(Data extracted from a collection)

-- Opening Marker --

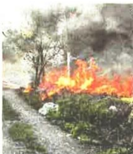
900 m 2 de végétation sont partis en fumée à Grisy-Suisnes.

Selon le maire, Jean-Marc Chanussot, « les occupants, qui ne devraient pas être là, ont mis le feu à un amoncellement de déchets, dans ce secteur préempté par la municipalité voici 3 ans. »
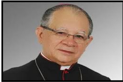
Dom Genvál Saraiva Bispo Emérito de Palmares (PE)

A cada ano, a fé cristã e a sensibilidade humana se colocam diante de um mistério que lhes fala muito – o nascimento de Jesus. A natureza celebrativa, a participação pastoral e a linguagem simbólica estão intimamente
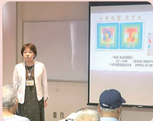
スポットライトいずみ(講演会)
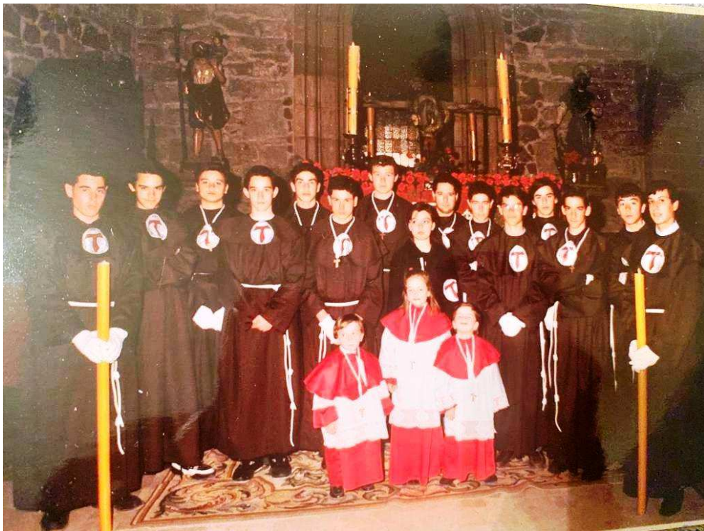
Primeros jóvenes costaleros de la Hermandad de los Estudiantes (1990)
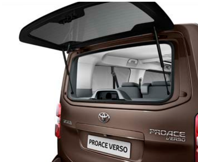
Samostatně otevíratelné okno zadních výklopných dveří (standardně ve verzi Family a VIP, volitelně pro Shuttle) umožňuje přístup do zadní části vozidla bez nutnosti otevírání celého víka zavazadlového prostoru.
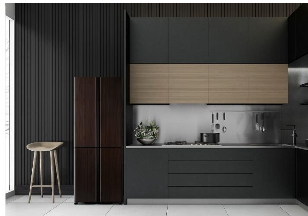
右: (T) ダークウッドブラウン
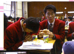
健康早餐， 勿忘謝禮

出任健康大使已經大半年了，究竟有什麼期望寄予給下一屆健康大使呢？「我當然希望可以繼續舉辦健康早餐、午間水果這些對同學有益的活動。而且我覺得他們應該多做義工，因為做義工真的有益身心。」
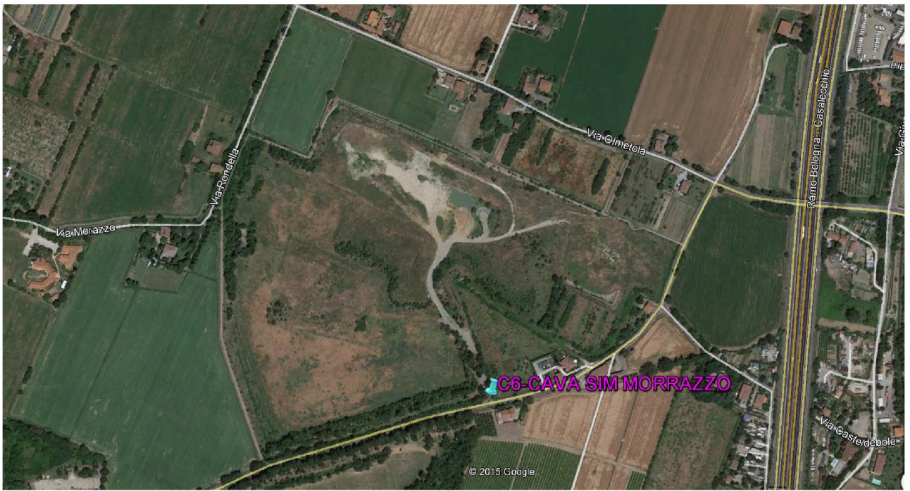
Stralcio fotografico da satellite dell'area di cava
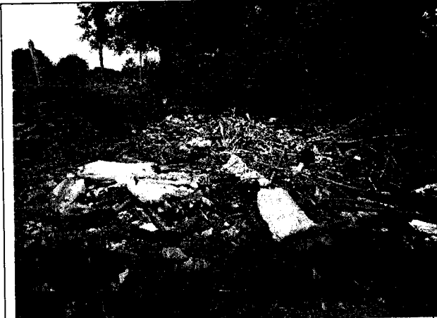
Fig. N° 3 Aspecto general del sitio.
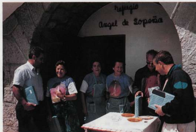
Momento de la reinauguración del refugio de Arraba

El pasado mes de marzo el presidente de la EMF se dirigió por escrito al Director de Deportes del Gobierno Vasco informándole del malestar existente por los continuos abusos que produce la práctica de las motos en el monte. Las molestias se concretan en destrozos de los caminos, sustos al ganado producidos por el ruido, peligros para las excursiones infantiles y riesgo de enfrentamientos con montañeros y pastores.
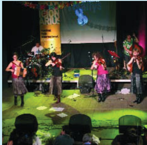
El concert del desè aniversari de Les Violines va ser una gran festa.

La formació va celebrar el seu desè aniversari als Lluïsos de Gràcia, acompanyada d'artistes com Gerard Quintana o Kepa Junquera
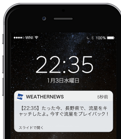
『流星キャッチャー』サンプル

プッシュ通知から開いた画面では、流星の動画をすぐにご覧いただけ、どこにいても流星観測ができます。『流星キャッチャー』の対象エリアは、“全国”または“このエリア周辺のみ”から選択できます。
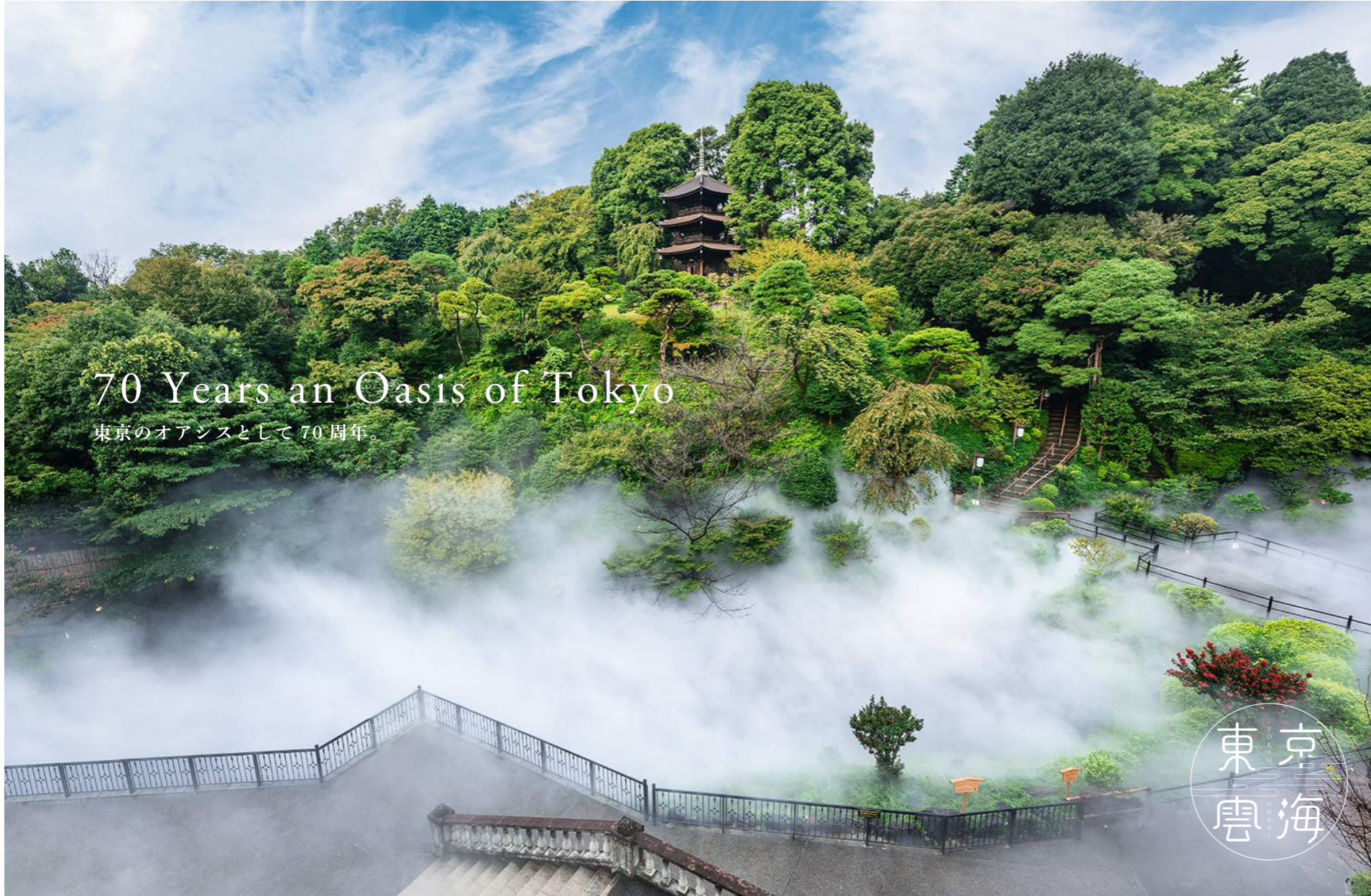
Tokyo Sea of Clouds 東京雲海
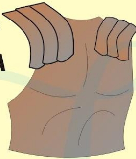
CORAZA DE JUSTICIA
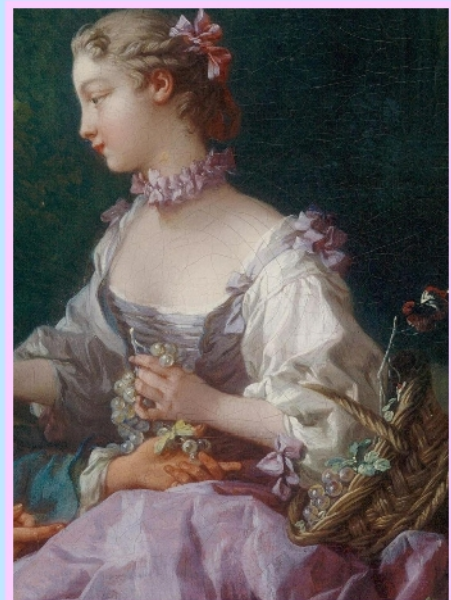
Francois Boucher Venus
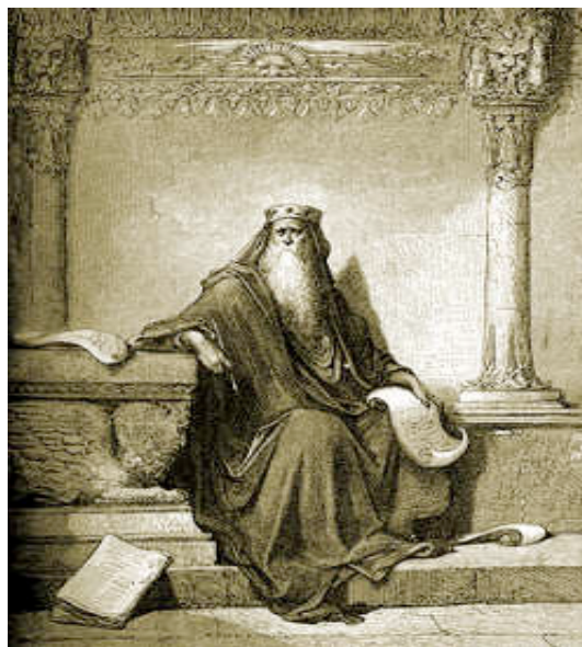
Εικόνα 3: ΒΑΣΙΛΙΑΣ ΣΟΛΟΜΩΝΤΑΣ

Αγόρασε την κατάλληλη έκταση των 200 στρεμμάτων και άρχισε να οργανώνει συνεργεία με χιλιάδες τεχνίτες, μηχανικούς και εργάτες.
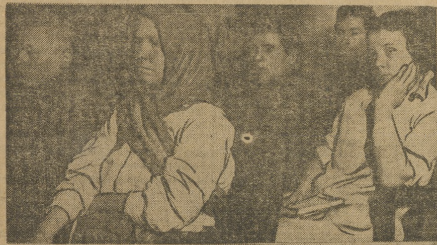
Делегаты на совещании.
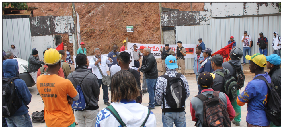
Operários da MRV do bairro Buritis em greve - dez. 2016

Em nossa assembleia dia 06/01, vários trabalhadores administrativos se manifestaram dizendo que não aceitam o desligamento com o Marreta e denunciaram as falcatruas da MRV, que está empenhada em criar divisão na categoria e inclusive impondo aos trabalhadores da administração a
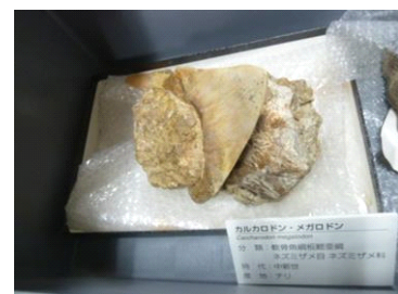
メガロドンの歯の化石標本

開催内容：実物の化石標本や福井県立恐竜博物館の研究員がピックアップした恐竜に関する書籍などを設置します。夏休みの自由研究にぴったりです。
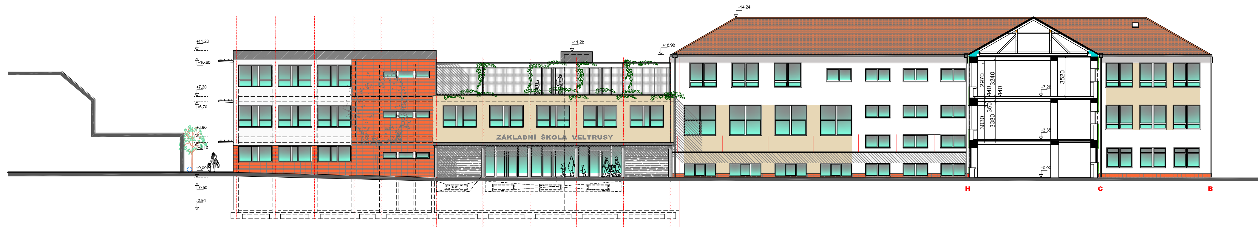
POHLED VÝCHODNÍ M 1 : 200
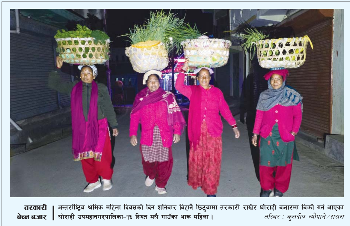
तरकारी अन्तर्राष्ट्रिय श्रमिक महिला दिवसको दिन शनिबार बिहानै छिट्टामा तरकारी राखेर घोराही बजारमा बिक्री गर्न आएका बेजना बजार घोराही उपमहानगरपालिका-१६ स्थित मधै गाउँका थारू महिला ।
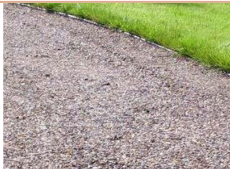
ПЛАНИРУЕМОЕ ПОКРЫТИЕ: НАБИВНОЕ
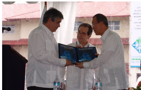
El Secretario General de la ONU, lanzó el Costo del Hambre durante su visita a la región
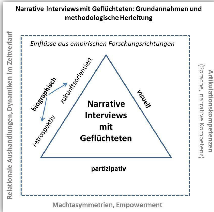
Abbildung 1: Narrative Interviews mit Geflüchteten
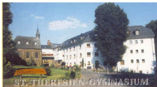
Sankt-Theresien-Gymnasium in Schönenberg
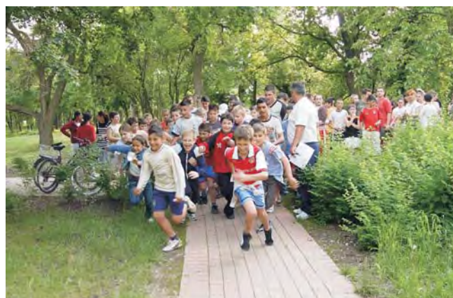
Fiatalok és idősebbek is rajthoz álltak.
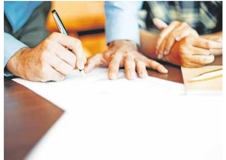
Foto: Subvenciones a Asociaciones de la Comarca Campo de Daroca.
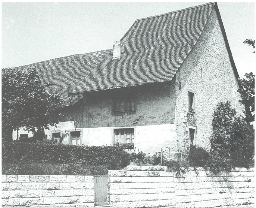
unten: An den einstigen Husmatt-Hof erinnert heute nur noch die monumentale Stützmauer am Hausmattrain.
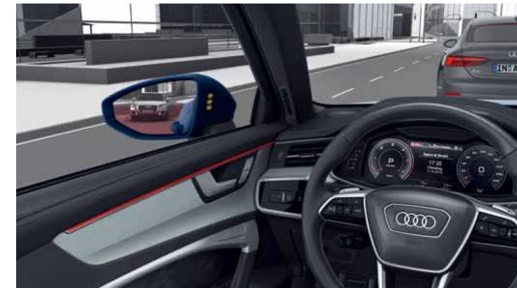
離車安全警示功能

後方橫向車流警示功能，會在針對可能與接近之橫向車流發生碰撞的情況，向乘客發出警示。
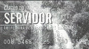
Cartão do Servidor
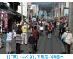
村田町 / みやぎ村田町蔵の陶器市
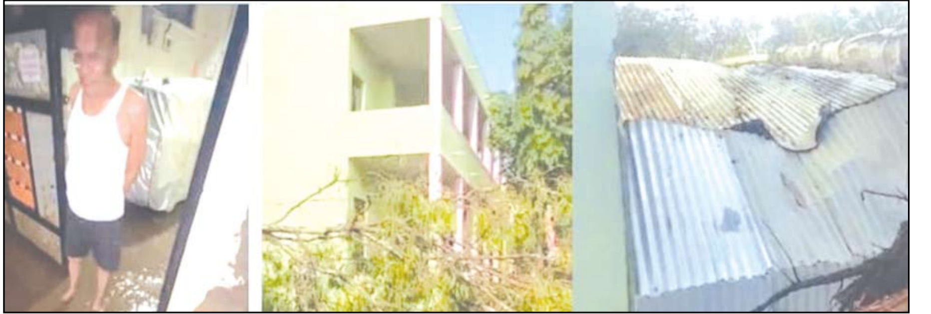
जामखेड तालुक्यात वादळी पावसामुळे वीज पडून घराचे झालेले नुकसान, कोसळलेले झाड तर अनेकांच्या घरात घुसलेले पावसाचे पाणी छायाचित्रात दिसत आहे.
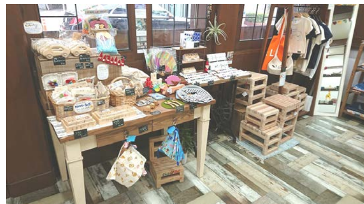
丸紅基金さまより「らふら」整備に助成をいただきました

11月4日（日）～5日（月）、障がいグループホームだいくかのんで一泊旅行に行ってきました。宿泊先はワールド牧場のコテージ。山の上からの夜景が最高でした。ワールド牧場内も散策。動物達といっぱいふれあえました。向こうからエサめがけてあまりにもふれあってくるので、逃げ出したメンバーさんもいました（笑）。夕食は豪勢に焼肉です。ワールド牧場で取れた食材もあり、めっちゃおいしかったです。あと白ごはんが最高に美味しすぎてメンバーさんもスタッフもおかわりしてしまいました。
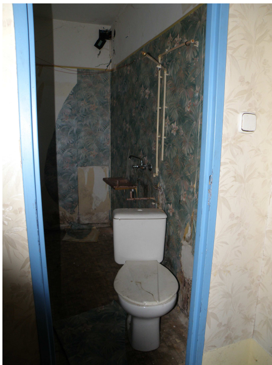
Łazienka cz. nieużytkowana
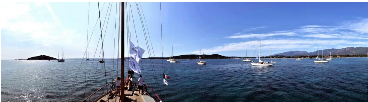
Saint-Cyprien CC 2016

19h : cocktail de bienvenue Costa Verde x Taverna assis
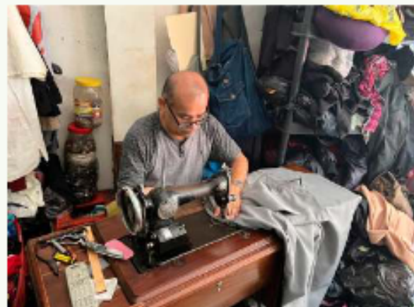
Calidad en cada costura y expertos en reparación de calzado / PIRELLA

a objetos que podrían ser desechados por la modernidad. El relojero opera sobre engranajes minúsculos con precisión mientras el zapatero refuerza suelas.

-- Closing Marker --

**EXERCISE AIM**
Hand over the entries again, exactly as written and without the pictures.

**TASK SOLUTION**
900 m 2 de végétation sont partis en fumée à Grisy-Suisnes.

Selon le maire, Jean-Marc Chanussot, « les occupants, qui ne devraient pas être là, ont mis le feu à un amoncellement de déchets, dans ce secteur préempté par la municipalité voici 3 ans. »
Dom Genvál Saraiva Bispo Emérito de Palmares (PE)

A cada ano, a fé cristã e a sensibilidade humana se colocam diante de um mistério que lhes fala muito – o nascimento de Jesus. A natureza celebrativa, a participação pastoral e a linguagem simbólica estão intimamente
スポットライトいずみ(講演会)
Primeros jóvenes costaleros de la Hermandad de los Estudiantes (1990)
Samostatně otevíratelné okno zadních výklopných dveří (standardně ve verzi Family a VIP, volitelně pro Shuttle) umožňuje přístup do zadní části vozidla bez nutnosti otevírání celého víka zavazadlového prostoru.
右: (T) ダークウッドブラウン
健康早餐， 勿忘謝禮

出任健康大使已經大半年了，究竟有什麼期望寄予給下一屆健康大使呢？「我當然希望可以繼續舉辦健康早餐、午間水果這些對同學有益的活動。而且我覺得他們應該多做義工，因為做義工真的有益身心。」
Stralcio fotografico da satellite dell'area di cava
Fig. N° 3 Aspecto general del sitio.
Momento de la reinauguración del refugio de Arraba

El pasado mes de marzo el presidente de la EMF se dirigió por escrito al Director de Deportes del Gobierno Vasco informándole del malestar existente por los continuos abusos que produce la práctica de las motos en el monte. Las molestias se concretan en destrozos de los caminos, sustos al ganado producidos por el ruido, peligros para las excursiones infantiles y riesgo de enfrentamientos con montañeros y pastores.
El concert del desè aniversari de Les Violines va ser una gran festa.

La formació va celebrar el seu desè aniversari als Lluïsos de Gràcia, acompanyada d'artistes com Gerard Quintana o Kepa Junquera
『流星キャッチャー』サンプル

プッシュ通知から開いた画面では、流星の動画をすぐにご覧いただけ、どこにいても流星観測ができます。『流星キャッチャー』の対象エリアは、“全国”または“このエリア周辺のみ”から選択できます。
Tokyo Sea of Clouds 東京雲海
CORAZA DE JUSTICIA
Francois Boucher Venus
Εικόνα 3: ΒΑΣΙΛΙΑΣ ΣΟΛΟΜΩΝΤΑΣ

Αγόρασε την κατάλληλη έκταση των 200 στρεμμάτων και άρχισε να οργανώνει συνεργεία με χιλιάδες τεχνίτες, μηχανικούς και εργάτες.
Делегаты на совещании.
Operários da MRV do bairro Buritis em greve - dez. 2016

Em nossa assembleia dia 06/01, vários trabalhadores administrativos se manifestaram dizendo que não aceitam o desligamento com o Marreta e denunciaram as falcatruas da MRV, que está empenhada em criar divisão na categoria e inclusive impondo aos trabalhadores da administração a
メガロドンの歯の化石標本

開催内容：実物の化石標本や福井県立恐竜博物館の研究員がピックアップした恐竜に関する書籍などを設置します。夏休みの自由研究にぴったりです。
POHLED VÝCHODNÍ M 1 : 200
तरकारी अन्तर्राष्ट्रिय श्रमिक महिला दिवसको दिन शनिबार बिहानै छिट्टामा तरकारी राखेर घोराही बजारमा बिक्री गर्न आएका बेजना बजार घोराही उपमहानगरपालिका-१६ स्थित मधै गाउँका थारू महिला ।
ПЛАНИРУЕМОЕ ПОКРЫТИЕ: НАБИВНОЕ
El Secretario General de la ONU, lanzó el Costo del Hambre durante su visita a la región
Abbildung 1: Narrative Interviews mit Geflüchteten
Sankt-Theresien-Gymnasium in Schönenberg
Fiatalok és idősebbek is rajthoz álltak.
Foto: Subvenciones a Asociaciones de la Comarca Campo de Daroca.
unten: An den einstigen Husmatt-Hof erinnert heute nur noch die monumentale Stützmauer am Hausmattrain.
離車安全警示功能

後方橫向車流警示功能，會在針對可能與接近之橫向車流發生碰撞的情況，向乘客發出警示。
Cartão do Servidor
村田町 / みやぎ村田町蔵の陶器市
जामखेड तालुक्यात वादळी पावसामुळे वीज पडून घराचे झालेले नुकसान, कोसळलेले झाड तर अनेकांच्या घरात घुसलेले पावसाचे पाणी छायाचित्रात दिसत आहे.
丸紅基金さまより「らふら」整備に助成をいただきました

11月4日（日）～5日（月）、障がいグループホームだいくかのんで一泊旅行に行ってきました。宿泊先はワールド牧場のコテージ。山の上からの夜景が最高でした。ワールド牧場内も散策。動物達といっぱいふれあえました。向こうからエサめがけてあまりにもふれあってくるので、逃げ出したメンバーさんもいました（笑）。夕食は豪勢に焼肉です。ワールド牧場で取れた食材もあり、めっちゃおいしかったです。あと白ごはんが最高に美味しすぎてメンバーさんもスタッフもおかわりしてしまいました。
Łazienka cz. nieużytkowana
Saint-Cyprien CC 2016

19h : cocktail de bienvenue Costa Verde x Taverna assis
Calidad en cada costura y expertos en reparación de calzado / PIRELLA

a objetos que podrían ser desechados por la modernidad. El relojero opera sobre engranajes minúsculos con precisión mientras el zapatero refuerza suelas.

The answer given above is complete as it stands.